Por la sombrita todo pasa 9 1 1 - Todo pasa

Cuando vivíamos en calle séptima de Panamá Viejo, esperábamos con ansias que las personas empezaran a adornar sus casas con foquitos navideños.

Nuestra calle, entonces, era de piedras; todavía había casitas de madera. Muchos vivíamos alquilados. Al llegar diciembre el vecindario se ponía de fiesta. Lástima que la Navidad siempre fuera tan fugaz. O eso pensábamos los niños.

Vivíamos ansiosos. ¿Cuándo llegaría la próxima Navidad?, ¿o el próximo cumpleaños?, ¿cuándo sería verano para ir a San Carlos? Soñábamos con pasar de grado, con ser grandes como nuestros papás. Y todo eso llegó. De un quiñazo. En Panamá Viejo jugábamos con bolas de quiñar, no canicas. Nos convertimos en gente grande y descubrimos el secreto que ellos saben: ser adulto cuando tú eres uno, no es tan divertido.

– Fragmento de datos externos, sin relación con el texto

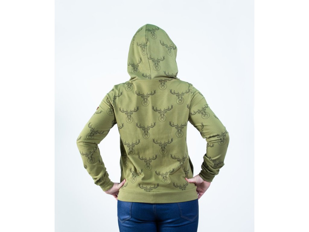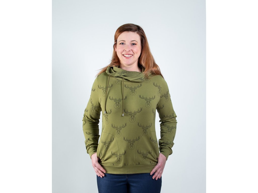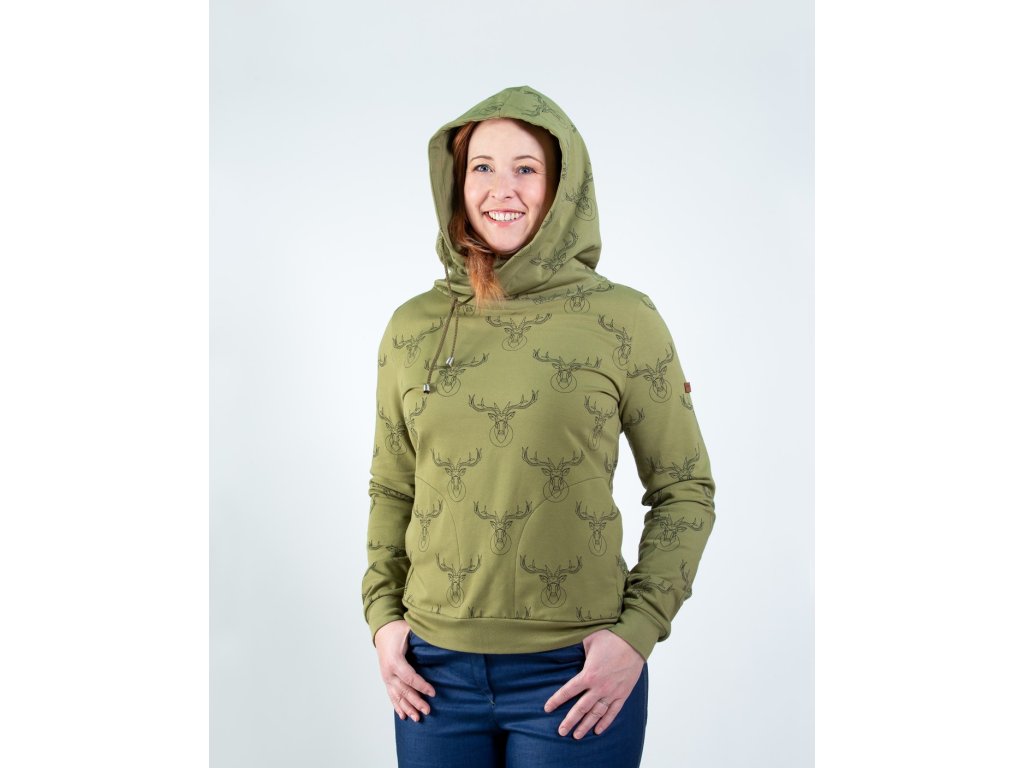 Pečlivě šitá a slušivě střižená dámská mikina s potiskem. V bočních švech má dvě kapsy. Velká kapuce je křížená asymetricky ke straně. Rukávy a spodní lem jsou lemovány pružným úpletem.

Estoy aquí apurando el último sorbito de 2019. No quiero que se me acabe. Le estoy agradecida. Porque este año he tenido una iluminación: todo pasa, más rápido de lo que quisiéramos.

Recuerdo los sábados que estuve en la Universidad de Panamá y luego en la Universidad Santa María la Antigua, haciendo estudios de postgrado. Esos meses de hacer trabajos de grupo, trasnochar para las tareas y madrugar para llegar a la clase temprano me parecían interminables, pues ya yo trabajaba. Pero pasaron, hoy me doy cuenta, rápido. Valió la pena el esfuerzo.

Otra etapa que suele parecer inacabable es la del primer año de un bebé. Sí, muy tierno y hermoso. Pero levantarse varias veces en la noche, los llantos que uno no entiende, las fiebres y cólicos son agotadores. Las ojeras pueden llegar a las rodillas. ¿Será que nunca se volverá a dormir de corrido? Y un buen día eso queda atrás. Ya no hay olor a bebé en casa, ya no hay visitas al Pricemart por pañales.

Hay quienes tienen un trabajo que les quita todo el tiempo, no pueden parar, ni descansar. La familia les reclama y los amigos saben que está ocupado. Y un día eso se acaba. De repente se dispone de tanto tiempo libre que ya no se sabe qué hacer con él.

No sé en qué lugar se encuentre usted, querida lectora o lector, pero le puedo prometer que las circunstancias en las que está hoy van a variar. No se rinda, aguante. O aprovéchalas, y dé gracias, con todas sus fuerzas.